WHAT TO WORK ON:
Would you please set down the data again exactly as given, excluding the pictures?

THE DATA:
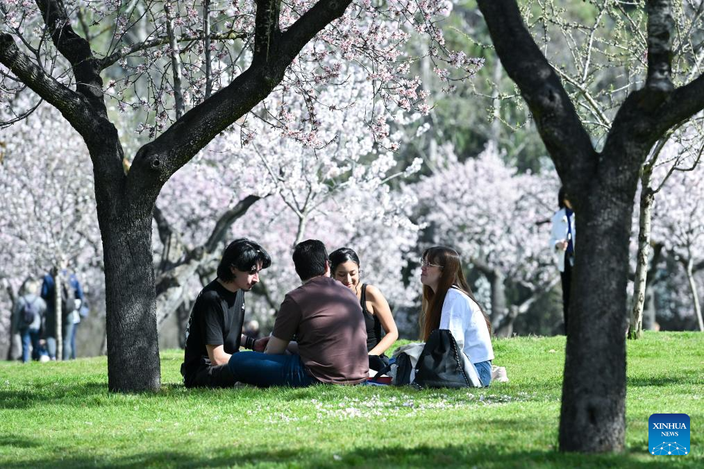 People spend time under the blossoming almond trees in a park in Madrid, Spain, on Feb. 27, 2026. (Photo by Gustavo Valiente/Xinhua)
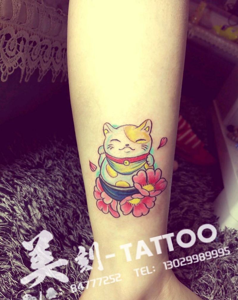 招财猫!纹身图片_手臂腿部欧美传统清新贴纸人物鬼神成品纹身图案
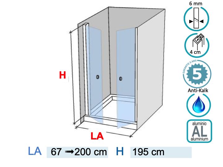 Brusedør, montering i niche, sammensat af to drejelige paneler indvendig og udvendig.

RESPONSE TO THE EXERCISE:
 People spend time under the blossoming almond trees in a park in Madrid, Spain, on Feb. 27, 2026. (Photo by Gustavo Valiente/Xinhua)
 招财猫!纹身图片_手臂腿部欧美传统清新贴纸人物鬼神成品纹身图案
 Brusedør, montering i niche, sammensat af to drejelige paneler indvendig og udvendig.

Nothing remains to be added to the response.